ASSIGNED TASK —
From the listing below, retype exactly the line holding "Missing center finial, some", the line holding "Jusuf Osmani (l)", and the lines between them; skip everything else.

SUPPLIED RECORDS —

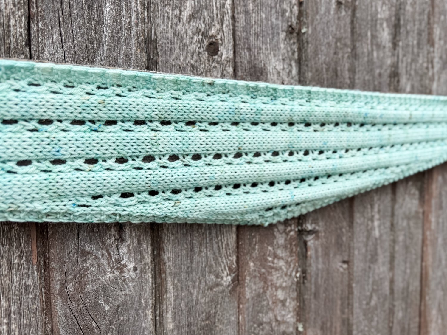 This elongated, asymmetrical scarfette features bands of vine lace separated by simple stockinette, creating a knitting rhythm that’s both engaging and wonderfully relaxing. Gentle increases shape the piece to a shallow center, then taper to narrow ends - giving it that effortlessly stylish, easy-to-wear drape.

* * *

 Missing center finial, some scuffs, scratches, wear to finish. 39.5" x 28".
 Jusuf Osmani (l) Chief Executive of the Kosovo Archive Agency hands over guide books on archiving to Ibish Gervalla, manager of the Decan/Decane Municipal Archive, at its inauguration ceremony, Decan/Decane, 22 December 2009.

REPLY TO THE TASK —
 Missing center finial, some scuffs, scratches, wear to finish. 39.5" x 28".
 Jusuf Osmani (l) Chief Executive of the Kosovo Archive Agency hands over guide books on archiving to Ibish Gervalla, manager of the Decan/Decane Municipal Archive, at its inauguration ceremony, Decan/Decane, 22 December 2009.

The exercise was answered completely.